Dengan munculnya ayat diatas, banyak di antara penyair yang meninggalkan
puisi dan beralih hanya untuk beribadah pada Allah SWT., disisi lain ada penyair
yang tetap eksis berpuisi, akan tetapi mereka menjauhi tujuan-tujuan dan tema-
tema puisi yang dilarang oleh Islam. Jadi jelas sekali bahwa Allah dan Rasulullah
tidak mengharamkan umatnya berpuisi, akan tetapi Islam menganjurkan agar
menjauhi bentuk-bentuk puisi-puisi yang merendahkan Islam. Hal ini terlihat dari
sikap khalifah Umar bin Khattab yang pernah memenjarakan penyair al-Huthayah

13
karena penyair ini selalu berlebih-lebihan dalam mencela (hajak), kemudian juga
khalifah Utsman bin Affan pernah memenjarakan Dhobik bin al-Harits, karena dia
selalu mabuk ketika berpuisi serta bernyanyi dengan khamr.

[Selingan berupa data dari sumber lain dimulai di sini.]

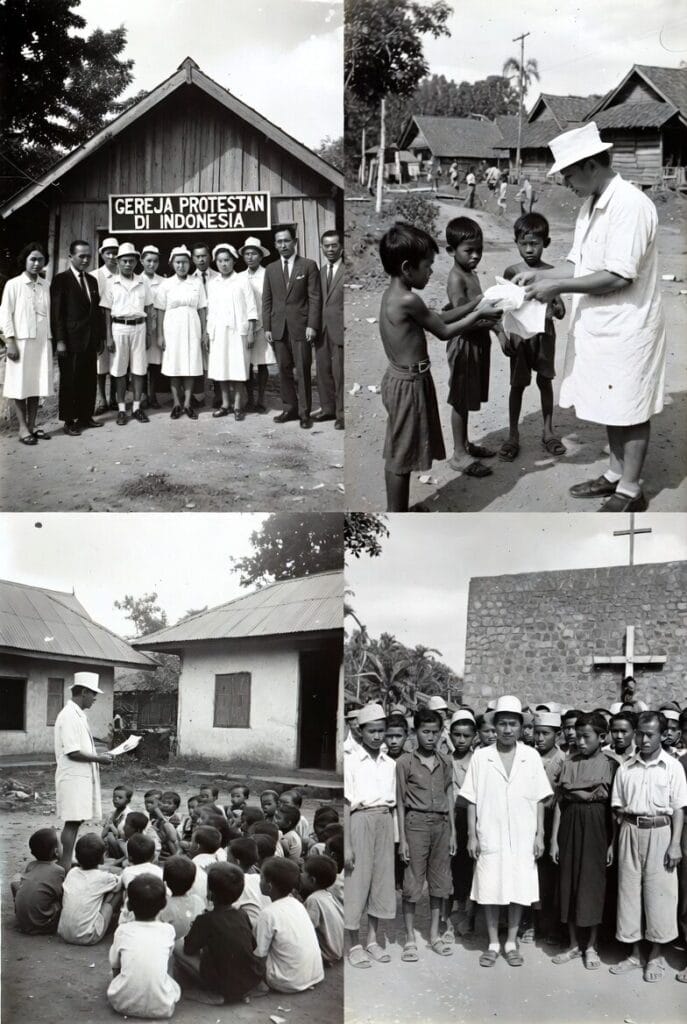 Allo stesso tempo, narrazioni di conversioni “miracolose” da un islam descritto come “superstizioso” (con figure ridicolizzate come il dukun), rischiavano di rafforzare stereotipi negativi e alimentare diffidenze in un Paese a guida musulmana. Negli anni Cinquanta del XX secolo, si verificò la ribellione del Darul Islam (attiva dal 1949 in regioni come Giava Occidentale, Aceh e Sulawesi Meridionale), che mirava a imporre uno stato islamico. Il clima di tensione che ne derivò determinò attacchi o distruzioni di chiese cristiane, mentre la Pancasila fungeva da baluardo contro estremismi sia islamisti che comunisti. Questo contesto spinse le chiese protestanti verso un approccio più dialogante e meno attivo, allo scopo di non apparire ed essere percepite come “straniere” o divisive.

Menurut Juzif Al-Hasyim (1968: 235-236), bahwa pada masa permulaan
Islam muncul empat tingkatan kelompok para penyair, yaitu:
 Kelompok yang meninggalkan puisi dan langsung beribadah hanya kepada
Allah, seperti Labid bin Rabi’ah al-‘Amiry.

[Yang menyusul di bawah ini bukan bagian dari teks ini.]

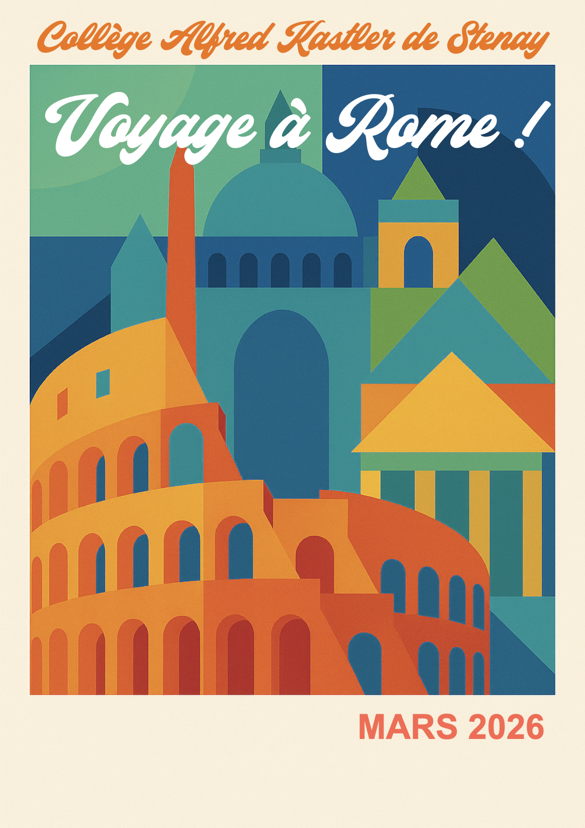 Le collège ALFRED KASTLER DE STENAY (55, MEUSE) organise un voyage pédagogique d’une semaine à Rome en mars 2026 pour 49 élèves latinistes et italianisants, accompagné de 4 enseignants. L'établissement est classé REP.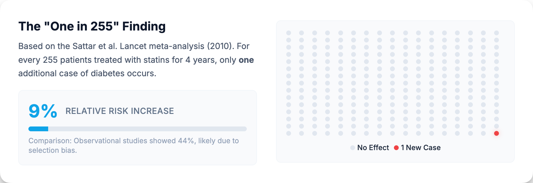However, this observational estimate should be interpreted cautiously. The dramatic discrepancy between the 9% RCT estimate and the 44% observational figure likely reflects confounding by indication—the very factors that lead physicians to prescribe statins (obesity, metabolic syndrome, elevated cardiovascular risk) also independently predispose patients to diabetes. Observational studies also suffer from surveillance bias: patients on statins receive more frequent blood tests, so diabetes gets detected earlier. The RCT estimate of 9% is almost certainly closer to the true causal effect, while the larger observational signal reflects the reality that statin-treated populations already carry elevated metabolic risk.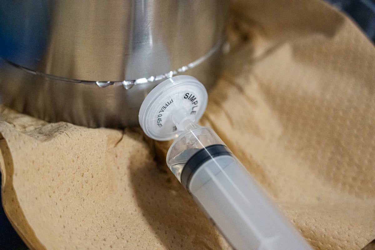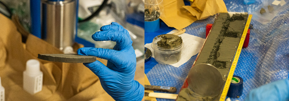 堆積物コアは1cmごとにカットし、その一部を間隙水の抽出に使用します。層ごとに抽出することで年代の異なる試料を得ることができます(右)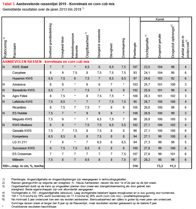 Snijmaïs, middenvroege en middenlate rassen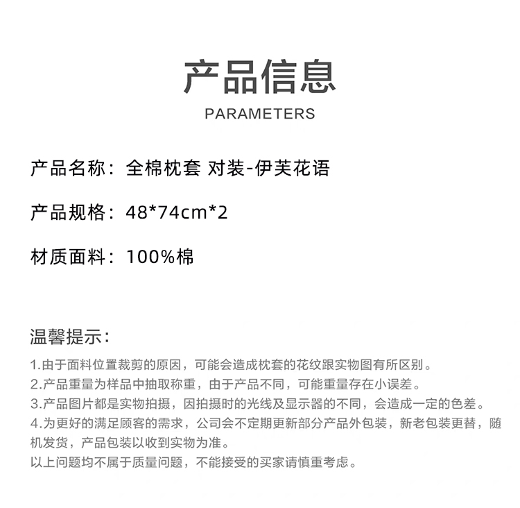罗曼罗兰全棉枕套 对装 伊芙花语

 Kelompok penyair yang melakukan penindasan pada Nabi dan mengejek
Nabi, seperti: Abu Sufyan al-Harits bin Abdul Muthollib, Ka’ab bin Asyraf.
 Kelompok yang terdiri dari penolong-penolong Nabi dan para sahabatnya.
Para penyair ini telah menentang orang-orang musyrik lewat puisi-puisinya,
seperti: Hasan bin Tsabit al-Anshary, Ka’ab bin Malik, ‘Abdullah bin
Rawahah, dan Ka’ab bin Zuhair.
 Kelompok penyair yang tetap berpuisi dalam Islam sebagaimana mereka tetap
berpuisi pada masa jahiliyah dulu. Akan tetapi mereka menjauhi apa yang
dilarang oleh agama Islam. Penyair jenis ini banyak sekali, seperti: Abu
Dahbal al Jahiy, Al-Nabighah al-Ja’diy, Mu’an bin Aus, ‘Amru bin Mu’ad
Yakrab, Mutammim bin Nawirah, Abu Mahjan al-Tsaqofiy, Al-Hathiyah, dan
lainnya.
Tujuan dan Keistimewaan Puisi Pada Zaman Permulaan Islam
Puisi pada masa Islam ditinjau dari segi maksud dan seninya, arti dan
intisarinya, lafadz dan gaya bahasanya, wazan dan qafiyahnya adalah sebagai
berikut:
 Menyebarkan akidah agama serta penetapan hukumhukumnya, dan
menganjurkan kaum muslimin untuk mengikutinya terutama sekali pada masa
Nabi dan khulafa al rasyidin.
 Dorongan untuk perang dan untuk mendapatkan persaksian di sisi Allah
karena menegakkan kalimatullah yaitu pada masa krisis dalam perang dalam
menaklukkan kota-kota di sekitar jazirah Arab.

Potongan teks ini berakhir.